TASK DETAILS: Your copy of the data should match it exactly, leaving out only the pictures.

SOURCE DATA:
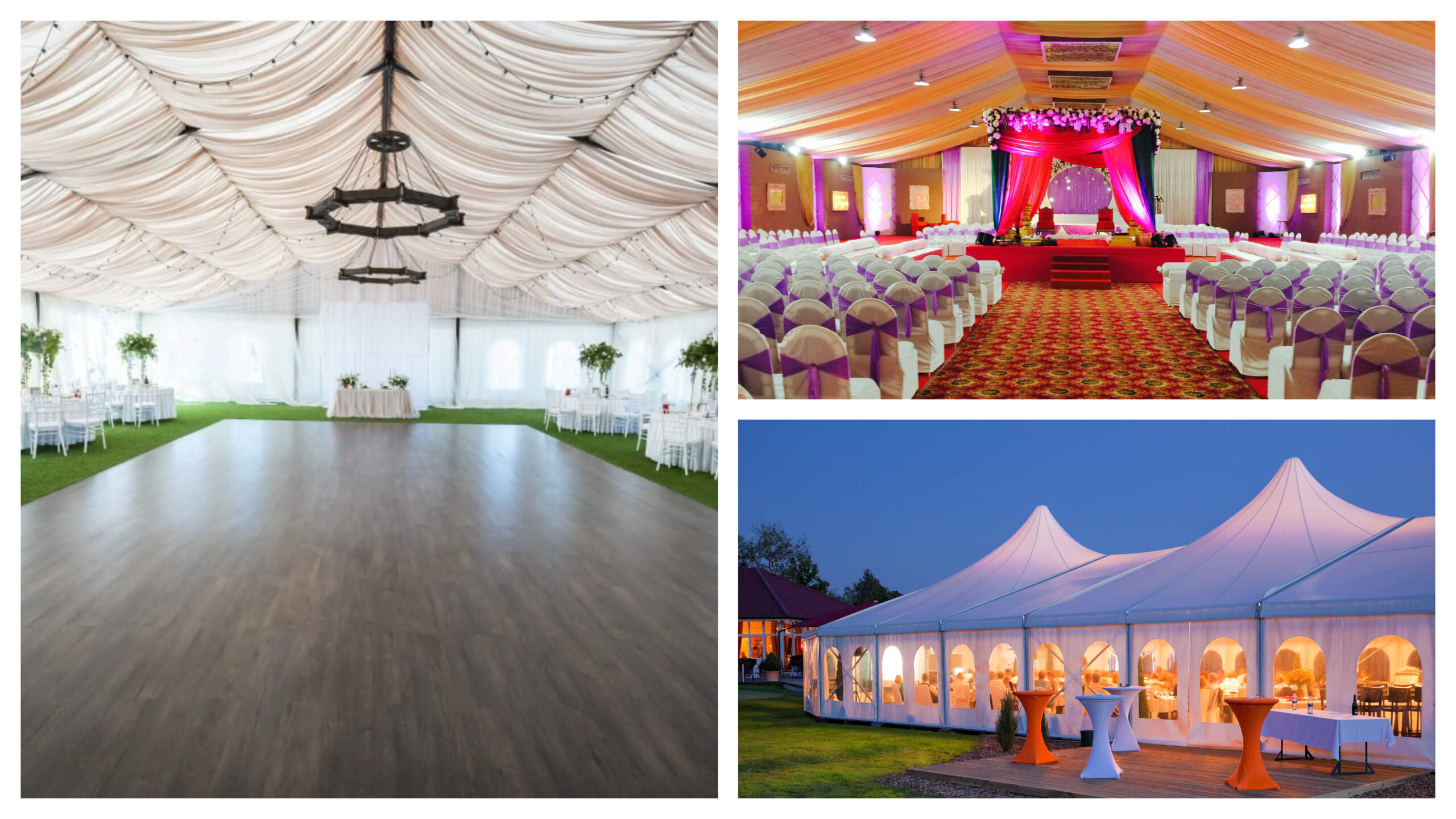 The width of the frame tent ranges from three meters to forty meters. As a module, the length can be increased by 3 meters or 5 meters. The activity organization can increase the length of the mixed tent according to the number of participants, table and chair placement, dance floor and other factors.
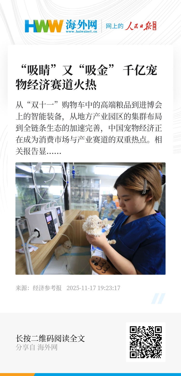 “宠物经济覆盖食品、用品、医疗、服务、文旅等多领域,产业链长、关联度高,能够带动上下游协同发展,形成产业集群效应。例如,宠物食品加工可联动农业、制造业,智能用品生产可融合电子、物联网技术,宠物医疗可推动生物医药、医疗器械创新,从而促进地方产业结构优化升级。”国研新经济研究院创始院长朱克力对《经济参考报》记者表示。
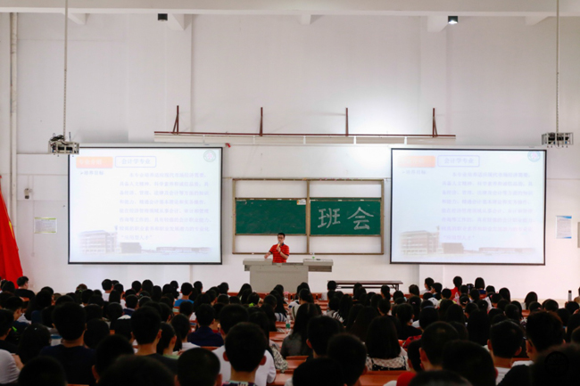 9月14日下午,财会系主任张丽拉、财务管理专业副主李安兰及会计学专业副主任林源为财会系2015级新生开展入学教育班会。
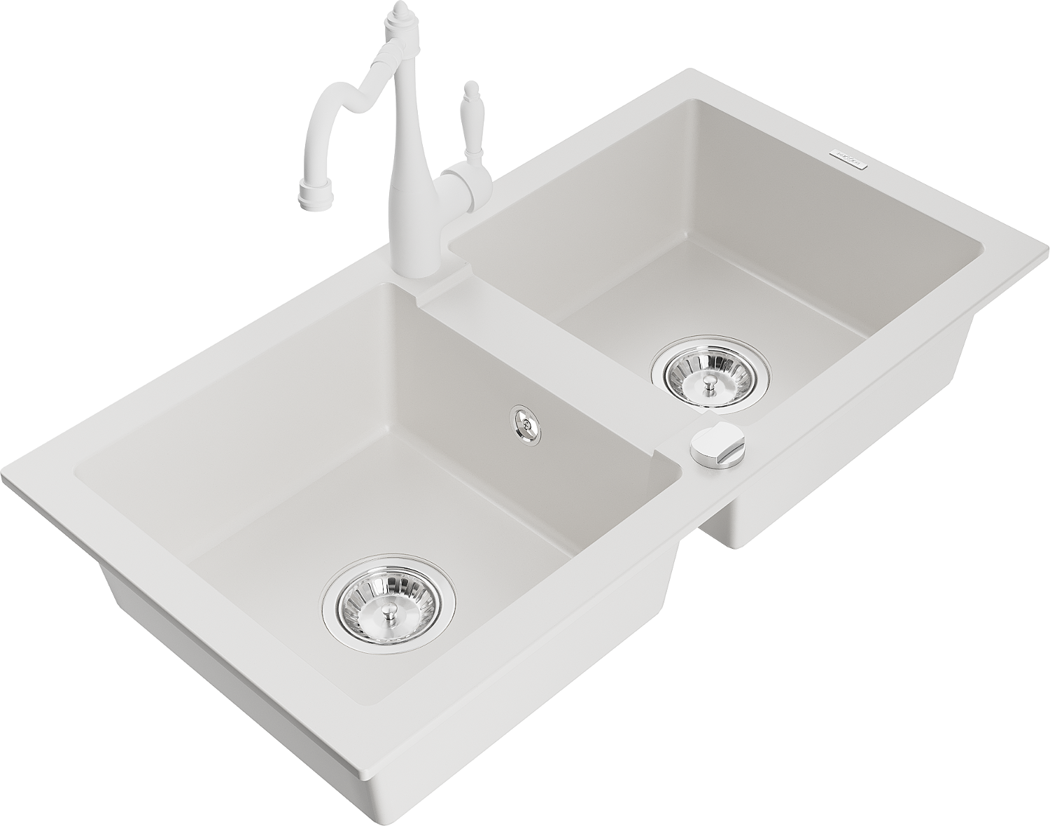Mexen Mario évier en granit à 2 bacs avec robinet de cuisine Carla, blanc - 6504-20-670700-20
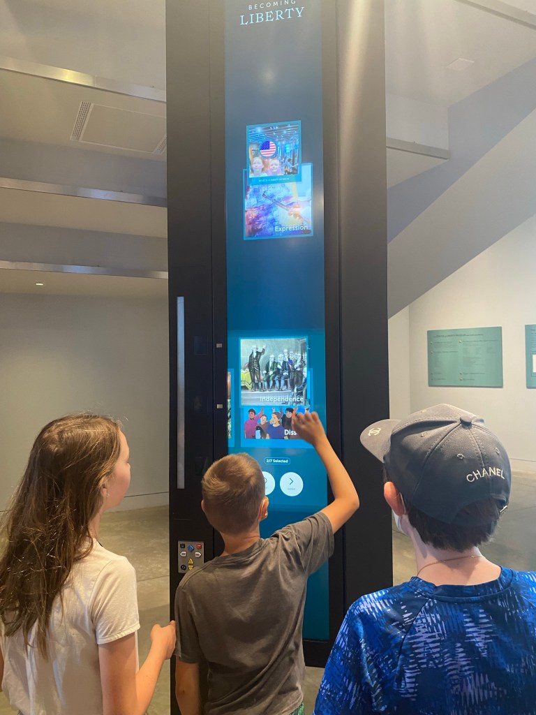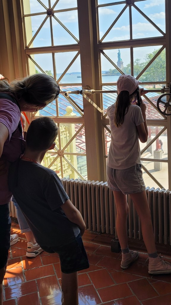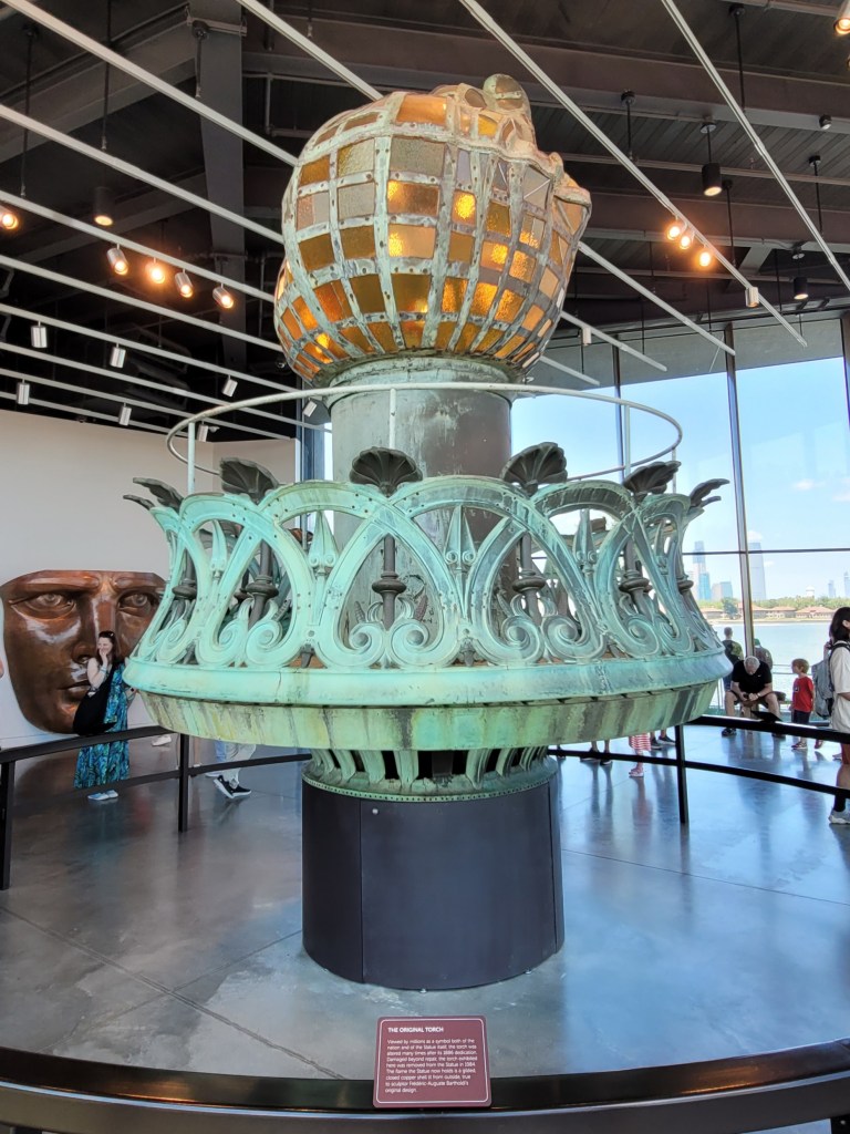 In the Museum, learned more facts and got to see the original torch. We also got to join a media display. We took a selfie and it was added into a mosaic of the Statue before our eyes.

SOLUTION TO THIS EXERCISE:
 The width of the frame tent ranges from three meters to forty meters. As a module, the length can be increased by 3 meters or 5 meters. The activity organization can increase the length of the mixed tent according to the number of participants, table and chair placement, dance floor and other factors.
 “宠物经济覆盖食品、用品、医疗、服务、文旅等多领域,产业链长、关联度高,能够带动上下游协同发展,形成产业集群效应。例如,宠物食品加工可联动农业、制造业,智能用品生产可融合电子、物联网技术,宠物医疗可推动生物医药、医疗器械创新,从而促进地方产业结构优化升级。”国研新经济研究院创始院长朱克力对《经济参考报》记者表示。
 9月14日下午,财会系主任张丽拉、财务管理专业副主李安兰及会计学专业副主任林源为财会系2015级新生开展入学教育班会。
Mexen Mario évier en granit à 2 bacs avec robinet de cuisine Carla, blanc - 6504-20-670700-20
 In the Museum, learned more facts and got to see the original torch. We also got to join a media display. We took a selfie and it was added into a mosaic of the Statue before our eyes.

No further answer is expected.